_About this exercise:_
Every line below from the one containing "國(11画)方(4画) 亜(8画)沙(8画)子(3画)" through the one containing "Een rangeervoertuig dat" is to be printed exactly, with the pictures omitted.

BEGIN Records supplied

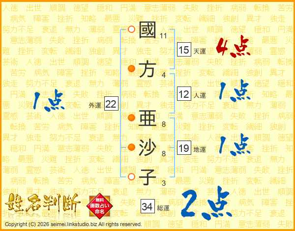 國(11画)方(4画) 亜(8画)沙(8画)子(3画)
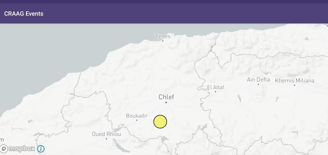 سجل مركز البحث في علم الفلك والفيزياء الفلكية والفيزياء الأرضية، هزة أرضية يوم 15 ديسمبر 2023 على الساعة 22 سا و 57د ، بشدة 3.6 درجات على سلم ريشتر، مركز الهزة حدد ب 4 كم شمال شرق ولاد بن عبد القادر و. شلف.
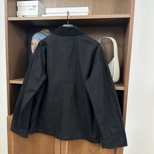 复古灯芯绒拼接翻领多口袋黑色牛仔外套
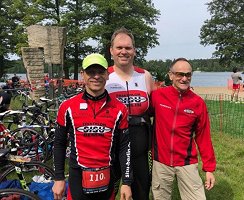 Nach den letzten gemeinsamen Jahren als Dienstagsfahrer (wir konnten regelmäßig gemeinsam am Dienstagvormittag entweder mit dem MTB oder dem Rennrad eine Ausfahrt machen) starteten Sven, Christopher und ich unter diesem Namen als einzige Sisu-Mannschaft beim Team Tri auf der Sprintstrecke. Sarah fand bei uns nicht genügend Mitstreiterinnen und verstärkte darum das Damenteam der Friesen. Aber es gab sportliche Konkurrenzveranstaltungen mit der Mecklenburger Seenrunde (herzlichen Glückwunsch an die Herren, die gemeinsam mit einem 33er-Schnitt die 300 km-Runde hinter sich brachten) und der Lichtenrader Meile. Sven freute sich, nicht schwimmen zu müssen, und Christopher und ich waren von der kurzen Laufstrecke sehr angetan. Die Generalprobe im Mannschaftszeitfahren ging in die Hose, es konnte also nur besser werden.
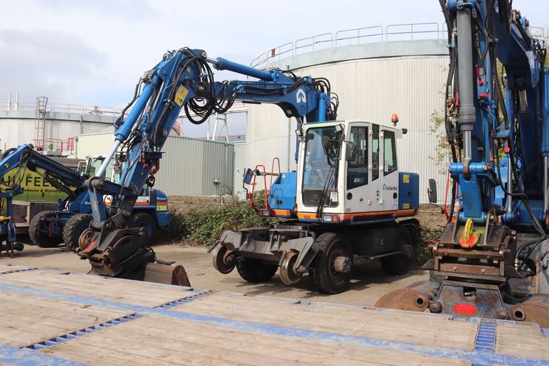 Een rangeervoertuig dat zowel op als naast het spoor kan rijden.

END Records supplied
BEGIN Records supplied

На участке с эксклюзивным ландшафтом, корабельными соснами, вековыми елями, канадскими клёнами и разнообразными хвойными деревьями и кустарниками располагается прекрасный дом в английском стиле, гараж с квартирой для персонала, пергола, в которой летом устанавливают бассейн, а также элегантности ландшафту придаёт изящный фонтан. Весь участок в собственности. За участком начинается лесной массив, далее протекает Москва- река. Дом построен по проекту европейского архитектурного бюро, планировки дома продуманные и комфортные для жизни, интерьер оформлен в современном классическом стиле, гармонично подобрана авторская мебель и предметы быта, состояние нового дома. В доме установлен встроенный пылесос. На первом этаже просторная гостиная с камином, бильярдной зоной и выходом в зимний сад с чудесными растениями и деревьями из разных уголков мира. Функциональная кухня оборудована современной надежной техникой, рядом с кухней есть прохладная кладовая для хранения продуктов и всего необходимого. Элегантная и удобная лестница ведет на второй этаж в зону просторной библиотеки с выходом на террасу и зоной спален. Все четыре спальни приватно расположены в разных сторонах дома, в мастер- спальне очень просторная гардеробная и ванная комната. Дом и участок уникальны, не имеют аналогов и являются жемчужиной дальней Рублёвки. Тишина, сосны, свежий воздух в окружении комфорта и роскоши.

END Records supplied

_Written response:_
 國(11画)方(4画) 亜(8画)沙(8画)子(3画)
 سجل مركز البحث في علم الفلك والفيزياء الفلكية والفيزياء الأرضية، هزة أرضية يوم 15 ديسمبر 2023 على الساعة 22 سا و 57د ، بشدة 3.6 درجات على سلم ريشتر، مركز الهزة حدد ب 4 كم شمال شرق ولاد بن عبد القادر و. شلف.
 复古灯芯绒拼接翻领多口袋黑色牛仔外套
 Nach den letzten gemeinsamen Jahren als Dienstagsfahrer (wir konnten regelmäßig gemeinsam am Dienstagvormittag entweder mit dem MTB oder dem Rennrad eine Ausfahrt machen) starteten Sven, Christopher und ich unter diesem Namen als einzige Sisu-Mannschaft beim Team Tri auf der Sprintstrecke. Sarah fand bei uns nicht genügend Mitstreiterinnen und verstärkte darum das Damenteam der Friesen. Aber es gab sportliche Konkurrenzveranstaltungen mit der Mecklenburger Seenrunde (herzlichen Glückwunsch an die Herren, die gemeinsam mit einem 33er-Schnitt die 300 km-Runde hinter sich brachten) und der Lichtenrader Meile. Sven freute sich, nicht schwimmen zu müssen, und Christopher und ich waren von der kurzen Laufstrecke sehr angetan. Die Generalprobe im Mannschaftszeitfahren ging in die Hose, es konnte also nur besser werden.
 Een rangeervoertuig dat zowel op als naast het spoor kan rijden.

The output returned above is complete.